Sunday was the 64th aniversary of the date when the "Indepedent state of Croatia" (NDH) was declared on the heels of the Nazi invasion of Yugoslavia. Its leaders, the Ustashe, matched their Nazi sponsors in hatred and often exceeded them in brutality; and while they have killed tens of thousands of Jews and helped the Nazis kill even more, their preferred targets were Orthodox Serbs.
While allegations of Vatican's complicity in Nazi crimes have been raised but remain controversial and heavily disputed, there is no disputing the role of the Catholic Church in Ustasha crimes. The NDH was militantly Catholic, and the focus of its genocidal policy were the "Eastern Schismatics," as Catholics saw all Orthodox believers.
With the full knowledge and blessing of the Church, the Ustashe launched a policy of murder, expulsion and forced conversion of Serbs almost immediately after establishing the NDH - and long before Hitler's endloesung. The methods used by the Ustasha and the joy with which they murdered horrified even some German observers. In addition to massacring Serb civilians and hunting royalist and communist partisans, NDH units also fought for the Reich, mainly in the East.

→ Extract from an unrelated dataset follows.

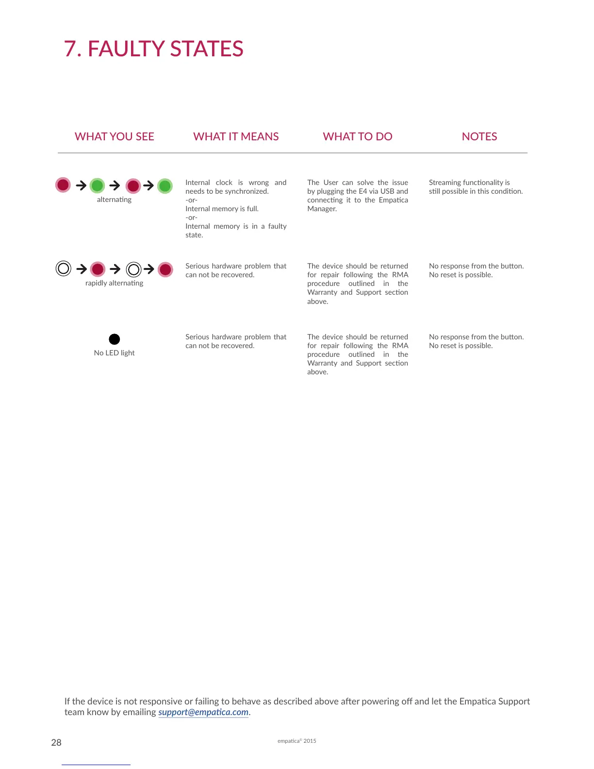 If the device is not responsive or failing to behave as described above aer powering o and let the Empaca Support

After the war was lost, Croat clergy used its Vatican connections to smuggle notable Ustashe and Nazis out of Europe; the Allies did not interfere, as the same organization smuggled valuable Nazis into the West, where they would be enlisted for the looming standoff with the Soviets.
Alojzije Stepinac, the Archbishop of Zagreb and the vicar to Ustasha poglavnik Ante Pavelić, was arrested and imprisoned by the Communists for his complicity in Ustasha crimes. He died under house arrest in 1960. Pope John Paul II beatified him in 1998, setting off a storm of protests from Serbs and Jews.

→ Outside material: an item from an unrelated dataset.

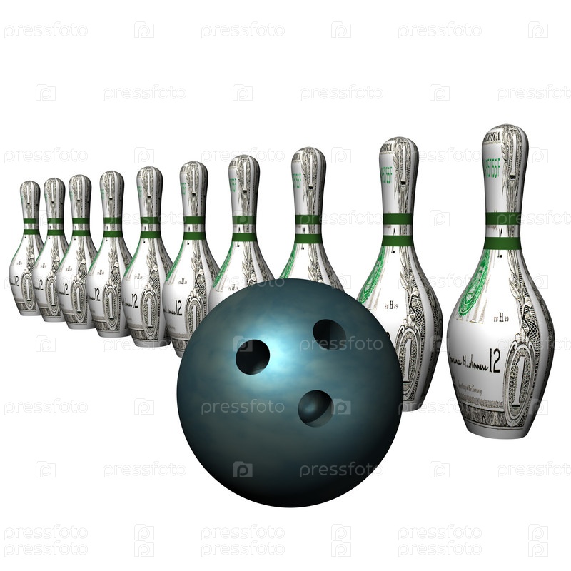 Долларовые кегли и цветной мяч для боулинга на белом фоне

After the war, thousands of NDH troops were captured and executed by the Yugoslav Communist forces, along with other non-Communist militias (many of which collaborated with the Germans). Their deaths are now referred to as the "Path of the Cross" (križni put).

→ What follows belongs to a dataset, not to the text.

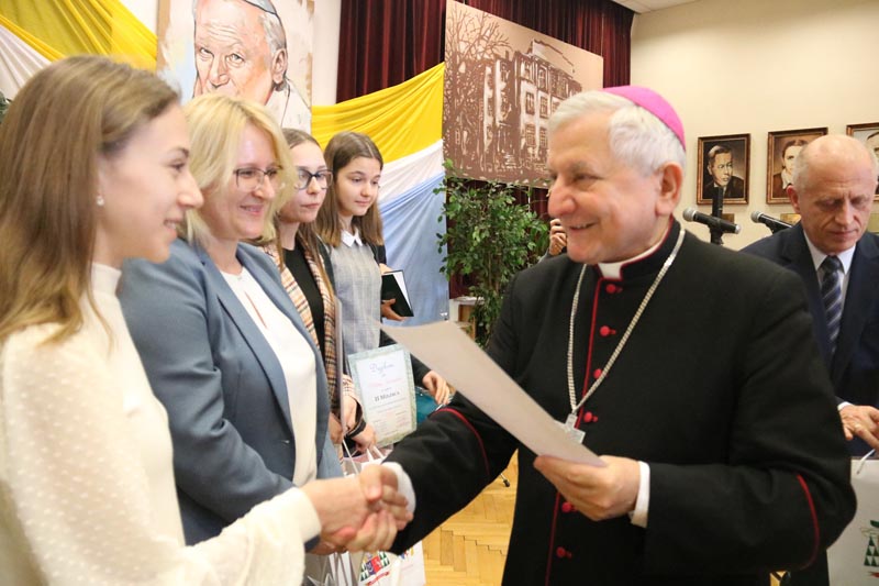 Gala konkursu odbyła się 6 grudnia w I LO w Ostrzeszowie. Jednym z głównych celów konkursu, którego pomysłodawcą jest nazaretanka s. Wiesława Hyzińska, była popularyzacja twórczości Karola Wojtyły wśród młodzieży. W kategorii uczniów klas VI-VIII szkół podstawowych jurorzy przyznali wyróżnienia, które otrzymali: Jan Gabryś z SP nr 2 w Ostrzeszowie, Oliwia Krystek z SP im. Jana Brzechwy w Lutogniewie, Kacper Lis z SP nr 1 w Ostrzeszowie, Cezary Maryniak z SP w Rozdrażewie, Hanna Nowak z SP im. Jana Pawła II w Twardogórze, Zofia Tomalak z Zespołu Szkolno-Przedszkolnego w Kościelnej Wsi, Oliwia Wosiek z SP w Sobiesękach. Wyróżnienia specjalne odebrali: Zofia Łuczak z PSP im. Twórców Ludowych w Kuczkowie, Dawid Sztukowski z SP w Parczewie, Maja Nieruchalska z SP w Biskupicach Zabarycznych. Pierwsze miejsce zajęła Kamila Bilska z SP w Twardogórze, drugie – Milena Jarzumbek, a trzecie - Maja Tokarska, obie z SP w Międzyborzu. Nagrodę specjalną odebrał Nikodem Gawełek z SP w Brzezinach. W kategorii uczniów szkół ponadpodstawowych wyróżnienia otrzymali: Martyna Kalinowska z Zespołu Szkół Ponadpodstawowych nr 1 w Kępnie, Maria Kordas z II LO im. Tadeusza Kościuszki w Kaliszu, Elwira Piaskowska z Publicznego LO Sióstr Salezjanek w Ostrowie Wielkopolskim, Faustyna Skrobańska z I LO im. Marii Skłodowskiej-Curie w Ostrzeszowie, Kamila Żychlińska z Zespołu Szkół Ekonomicznych w Ostrowie Wielkopolskim. Pierwsze miejsce zdobyła Patrycja Balcerzak z I LO im. Marii Skłodowskiej-Curie w Ostrzeszowie, drugie – Julia Wiśniewska z I LO im. Marii Skłodowskiej-Curie w Ostrzeszowie, a trzecie - Aleksandra Noculak z ZS nr 2 im. Przyjaźni Polsko-Norweskiej w Ostrzeszowie. Nagrodę specjalną otrzymał Jakub Oszenda z Ostrowa Wielkopolskiego.

In 1990, Franjo Tudjman's Croatian Democratic Union - funded in part by Ustasha emigres - won the general elections in Croatia, and proceeded to rehabilitate the NDH, sometimes in name but more often in fact. Most criticism has focused on Tudjman's reintroduction of the checkerboard flag, but a far worse offender has been the resurrection of NDH-era vocabulary. Tudjman even introduced the "new" currency, named after the NDH currency of 1941-45. Furthermore, Tudjman resurrected the anti-Serb rhetoric of Pavelić, setting off a civil war after Croatia's secession from Yugoslavia. The war resulted in almost-complete expulsion of Serbs who lived in territories claimed by Croatia, something even Pavelić failed to accomplish. The day Croatian armies entered the capital of the rebel Serb republic is now a national holiday, "Homeland Gratitude Day."
Tudjman died in 2000, and the successive governments visibly moderated their position on Serbs under the pressure of international public opinion. But Tudjman's NDH-inspired imagery, language and holidays remain. The Catholic Church is refusing to admit wrongdoing in the NDH, and is proud of its support for Tudjman. So one should not be surprised that small groups of open NDH sympathizers celebrated Sunday's anniversary, but that there weren't more of them.